问题
I have been trying to find a connector to read data from Redis to Flink. Flink's documentation contains the description for a connector to write to Redis. I need to read data from Redis in my Flink job. In Using Apache Flink for data streaming, Fabian has mentioned that it is possible to read data from Redis. What is the connector that can be used for the purpose?
回答1:
We are running one in production that looks roughly like this
class RedisSource extends RichSourceFunction[SomeDataType] {
var client: RedisClient = _
override def open(parameters: Configuration) = {
client = RedisClient() // init connection etc
}
@volatile var isRunning = true
override def cancel(): Unit = {
isRunning = false
client.close()
}
override def run(ctx: SourceContext[SomeDataType]): Unit = while (isRunning) {
for {
data <- ??? // get some data from the redis client
} yield ctx.collect(SomeDataType(data))
}
}
I think it really depends on what you need to fetch from redis.

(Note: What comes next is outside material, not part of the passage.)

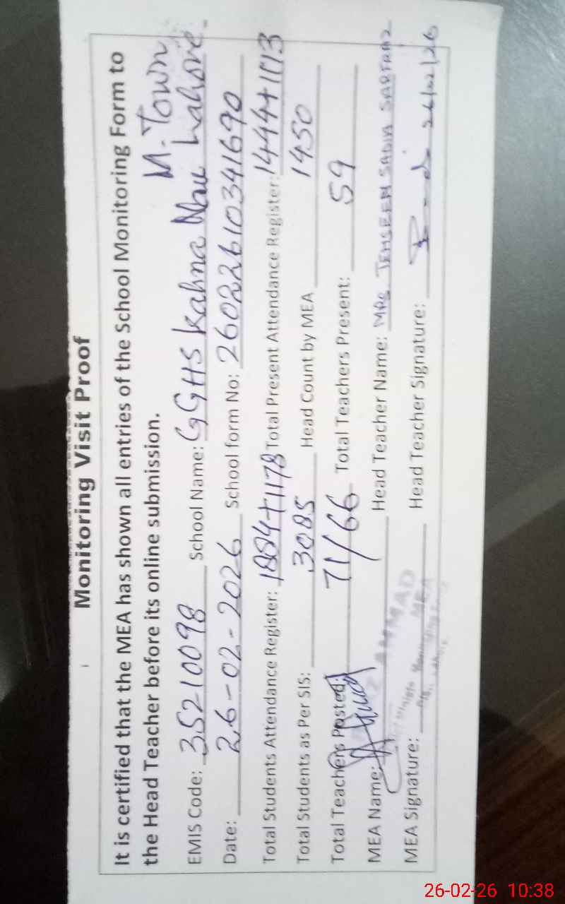 | EMIS Code: 35210098 | Name of School: GGHS KAHNA NAU | |||
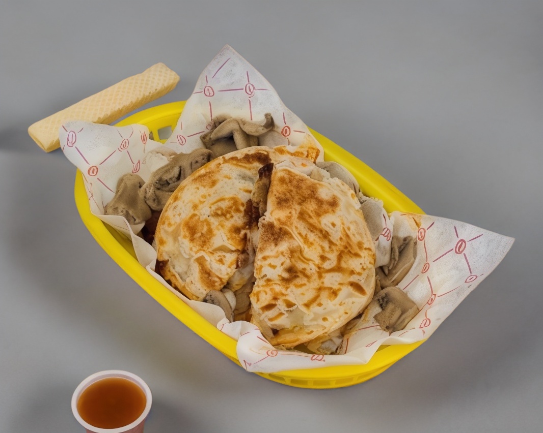 Quesadilla con 2 tortillas gorditas de harina, queso chihuahua, carne adobada y cebolla asada.

The above could be used to fetch a message from a list/queue, transform/push and then delete it form the queue. Redis also supports Pub/Sub, so it would possible to subscribe, grab the SourceConext and push messages downstream.
回答2:
Currently, Flink Redis Connector is not available but it can be implemented by extending RichSinkFunction/SinkFunction class.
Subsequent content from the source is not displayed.